Let's talk industry business value first. We have proven domain expertise in 24 industries. It's a competitive advantage. When you combine it with benchmarking and best practices from the content that we derive from thousands of customer relationships all over the world and our world-class value engineering process, we can replicate this and help customers move the needle faster than ever before.
That brings me to rapid time to value. It's an ease-of-consumption, fast time-to-value market. So by combining our solutions and services in packages, we lower TCO, we lower risk and we drive fast time to value. Now customers are implementing HANA in mobile in a matter of days or weeks, not months. We have a suite of prepackaged offerings that is included in our B1, our All-in-One and, of course, our Business One offering. This is changing the game because we now have broken through, with Rapid Deployment solutions B1, A1, a EUR 1 billion mark in prepackaged applications that are ready to run for customers, game change.
Then there's customer co-innovation. We're always at our best when we're closest to the customer. We have adopted design thinking and innovation as a culture across our company. We have 3,000 trained experts with our customers each and every day. These design experts work with the customer to unlock their imagination to help them rethink their business models, innovate and grow.

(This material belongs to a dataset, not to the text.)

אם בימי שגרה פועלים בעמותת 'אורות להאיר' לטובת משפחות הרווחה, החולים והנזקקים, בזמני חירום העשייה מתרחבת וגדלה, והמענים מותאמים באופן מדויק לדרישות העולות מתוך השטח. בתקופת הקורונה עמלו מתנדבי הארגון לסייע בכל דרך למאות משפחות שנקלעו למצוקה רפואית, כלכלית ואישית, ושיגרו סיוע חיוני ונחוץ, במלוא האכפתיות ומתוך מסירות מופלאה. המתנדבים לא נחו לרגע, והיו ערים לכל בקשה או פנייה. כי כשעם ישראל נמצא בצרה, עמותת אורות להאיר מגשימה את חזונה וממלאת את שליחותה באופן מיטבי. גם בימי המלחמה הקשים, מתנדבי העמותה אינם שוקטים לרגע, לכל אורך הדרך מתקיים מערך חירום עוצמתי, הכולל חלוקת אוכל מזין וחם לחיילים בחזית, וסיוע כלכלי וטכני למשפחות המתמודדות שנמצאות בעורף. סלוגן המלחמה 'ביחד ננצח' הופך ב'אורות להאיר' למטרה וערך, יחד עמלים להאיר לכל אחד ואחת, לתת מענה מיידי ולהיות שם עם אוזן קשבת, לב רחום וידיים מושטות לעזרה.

We focus on 3 things. Desirability: Do we have the big idea? Feasibility: Can we get it done? And viability: Is the business outcome and the business case rock solid? Retailers, for example, are now delivering shopping experiences on mobile devices with HANA they never thought possible. And our ecosystem of partners that are co-innovating with us are doing things like developing 100-terabyte HANA appliance, all the way through to developing solutions on the device.
So we built our strategy on a growth and innovation platform. We chose not to consolidate the past, we left that for others. Now with this open ecosystem approach, our indirect revenue is growing by 35%, as evidenced by 2012, and we're well on our way to having 40% of the revenues of the company come from indirect channels by 2015, and this is clearly our stated goal. Our ecosystem footprint is expanding like never before, demonstrating the broad adoption for our innovation. We now have over 12,000 ecosystem partners. The number of consultants trained on SAP is up 14% year-over-year to 370,000. And we will aim to reach 1 million developers and inspire them with our innovation as well.

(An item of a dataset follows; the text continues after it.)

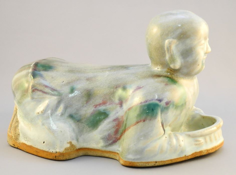 LOT 227 Chinese Porcelain Pillow, Crouching Boy, 10 1/4" length, chip/ crack noted. Estimate: $200 - $400 Auction Date: Tuesday, August 31 2021 at 6:00 PM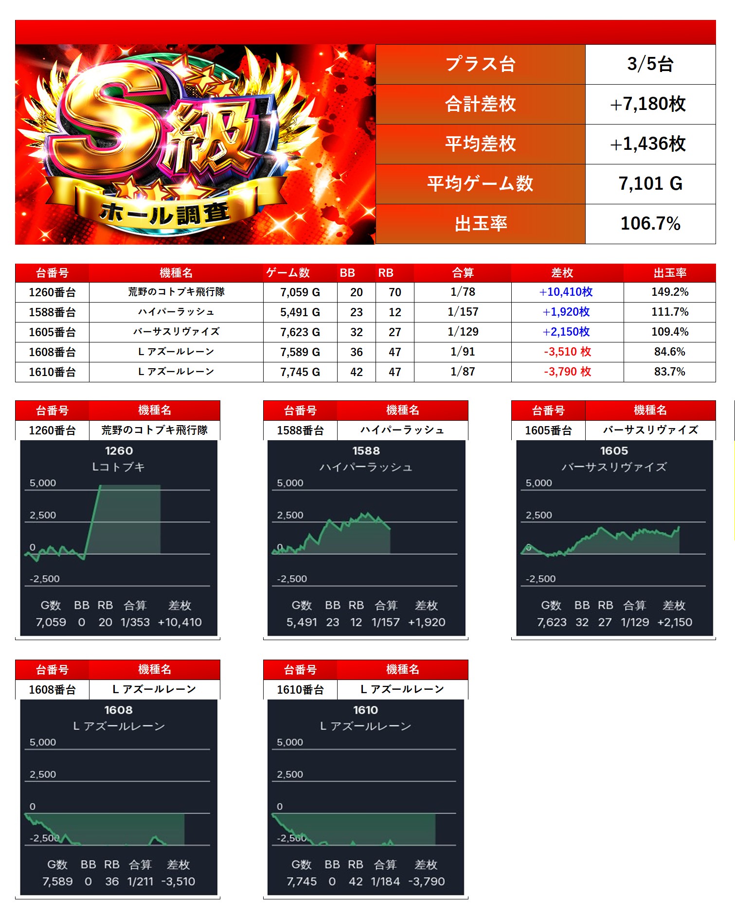 対象から5台をpick upする。5台の平均差枚は+1,436枚で平均出率が106.7%だった。

We think ecosystem is a force multiplier, and we have now achieved great success in OEM and our distribution business models, and that will only grow. Take for example Ingram Micro, world's largest technology distributor. They will offer SAP-managed mobility solutions to all of their small-, medium-size enterprise customers. Now we have a non-payroll sales force working for us at Ingram Micro as well.
With our community of collaborative partners, we'll deliver on our ambition to make SAP the knowledge company. In February 2010, we launched a new vision and strategy for SAP. We have executed on our strategy and we have made some bold moves to drive results. Since that time, we have nearly doubled our software and cloud revenue. In fact, in the last 3 years, we've grown it 83%. Our software and software-related services revenue is up over 61%, and our total revenue is up over 53%. We've also increased operating profits by more than 60%.
And our sales execution is amazing and is better than ever before. In the first 18 years of SAP, we reached EUR 400 million in revenue. We reached that in 18 months with SAP HANA. And more importantly, in the last 3 years, we have significantly outperformed the competition and gained substantial market share. In fact, we're growing more than 1.6x on a compounded annual growth rate basis our nearest competitor. All of this shows a rock-solid story in our strategy for 2013 and beyond.
So as Werner clearly demonstrated today, we remain ever confident in our guidance of software and software-related services at 11% to 13%. And we expect our software and cloud revenue contribution to be before -- be between 14% and 20%. And if you just compare that to others, let's say, Oracle, for example, their guidance was 4% to 14% in software and cloud, so we start where they stop and take it from 14% to 20%. And we're confident that we will once again outperform the market in 2013. We have the solutions, we have the products, we have the innovation and we're growing faster than the market.
I do want to underscore HANA, Werner stated it, EUR 650 million to EUR 700 million in 2013. We also remain ever confident that we will be a EUR 20 billion business by 2015, with 35% operating margins and 1 billion people using and loving our software. We are also absolutely committed to a EUR 2 billion business in the cloud by 2015. By doing all this well, we will achieve the winning dream, and that is to make every customer a best-run business.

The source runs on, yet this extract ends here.